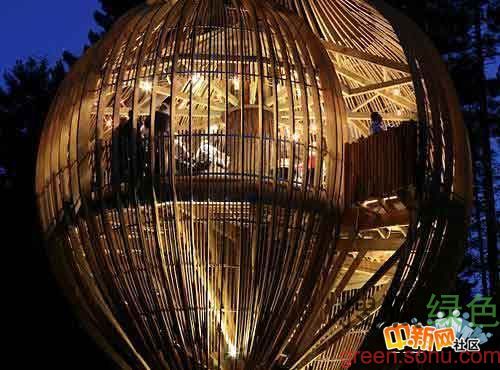 16.掛在樹上的餐廳,新西蘭。這個不尋常的餐廳理念起初是給新西蘭某公司做廣告,餐廳所用的原材料都來源于該公司。餐廳位于新西蘭奧克蘭北部沃克沃思的一棵紅杉樹上,離地面30英尺(9米)。
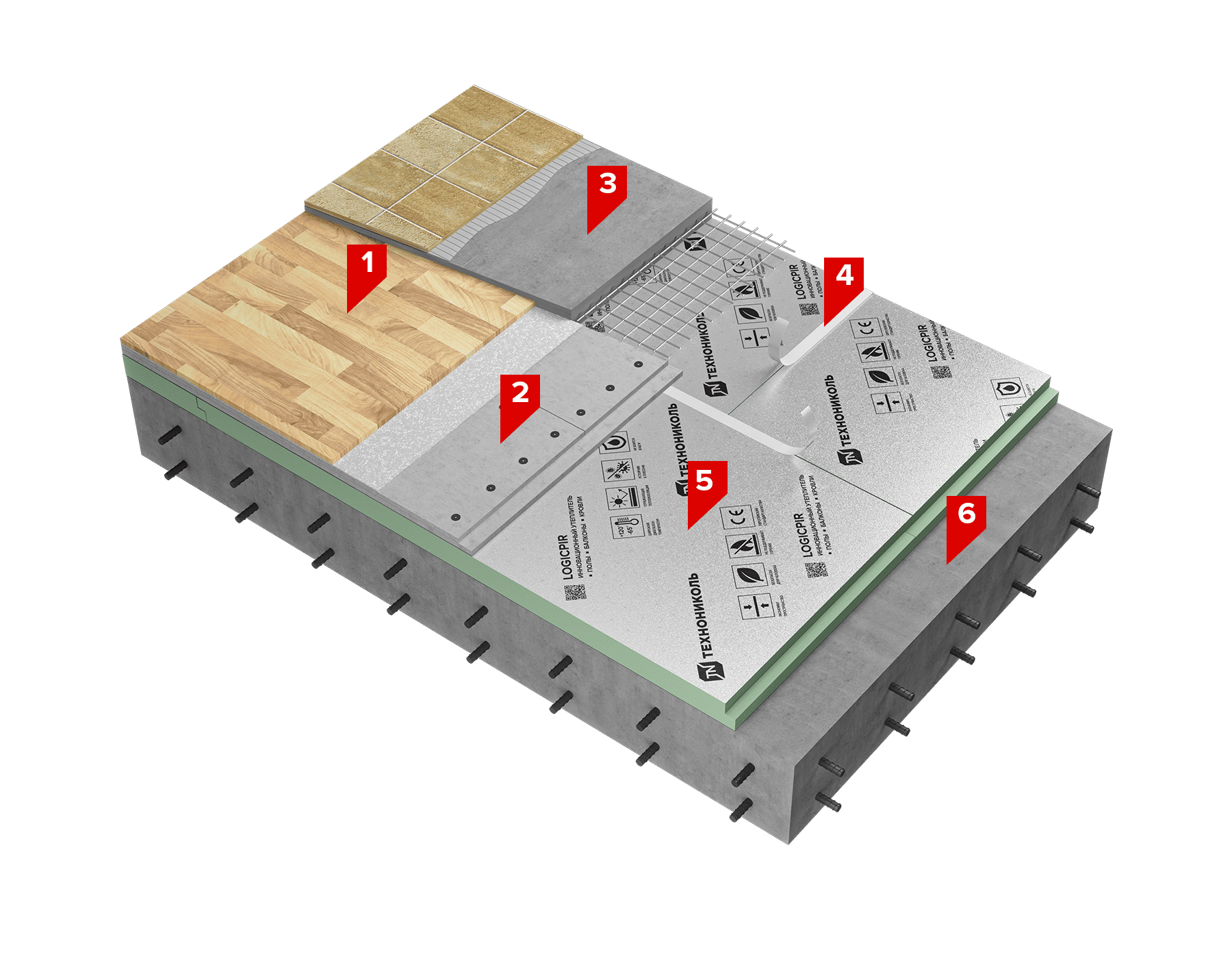 Система ТН-ПОЛ Стандарт PIR широко распространена и применяется для изоляции перекрытий жилых, общественных и административных зданий.
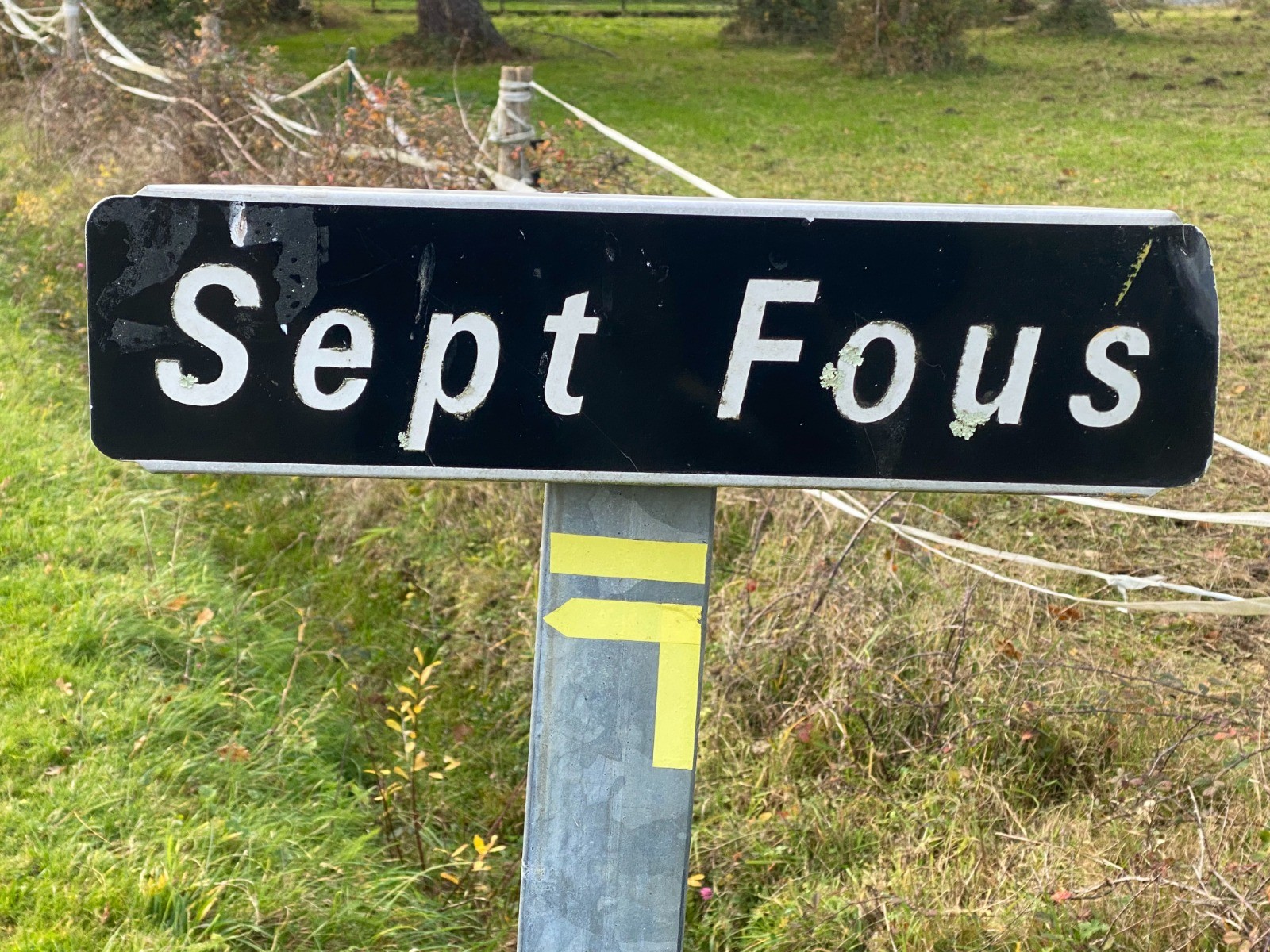 Après avoir quitté la chapelle nous passons dans les "Landes du Bois des Vallées" avant de se retrouver au lieu-dit "Les Sept fous". ( photo no 13 )
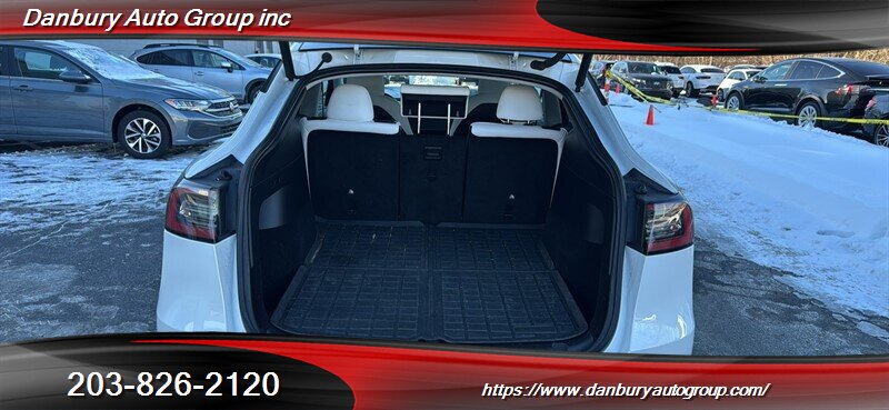 Factory-equipped with the Long Range dual-motor drivetrain, 15" central touchscreen with built-in navigation, streaming and over-the-air updates, standard Autopilot (Traffic-Aware Cruise Control + Autosteer), full LED lighting, panoramic all-glass roof, power liftgate, premium Black & White vegan leather seating with heated front seats, keyless entry, multiple USB ports and a comprehensive safety suite including automatic emergency braking and lane-keeping assist.

========================================

■ **TASK ITEM**:
Output the listing above exactly, but leave its pictures behind.

■ **RESULT**:
 16.掛在樹上的餐廳,新西蘭。這個不尋常的餐廳理念起初是給新西蘭某公司做廣告,餐廳所用的原材料都來源于該公司。餐廳位于新西蘭奧克蘭北部沃克沃思的一棵紅杉樹上,離地面30英尺(9米)。
 Система ТН-ПОЛ Стандарт PIR широко распространена и применяется для изоляции перекрытий жилых, общественных и административных зданий.
 Après avoir quitté la chapelle nous passons dans les "Landes du Bois des Vallées" avant de se retrouver au lieu-dit "Les Sept fous". ( photo no 13 )
 Factory-equipped with the Long Range dual-motor drivetrain, 15" central touchscreen with built-in navigation, streaming and over-the-air updates, standard Autopilot (Traffic-Aware Cruise Control + Autosteer), full LED lighting, panoramic all-glass roof, power liftgate, premium Black & White vegan leather seating with heated front seats, keyless entry, multiple USB ports and a comprehensive safety suite including automatic emergency braking and lane-keeping assist.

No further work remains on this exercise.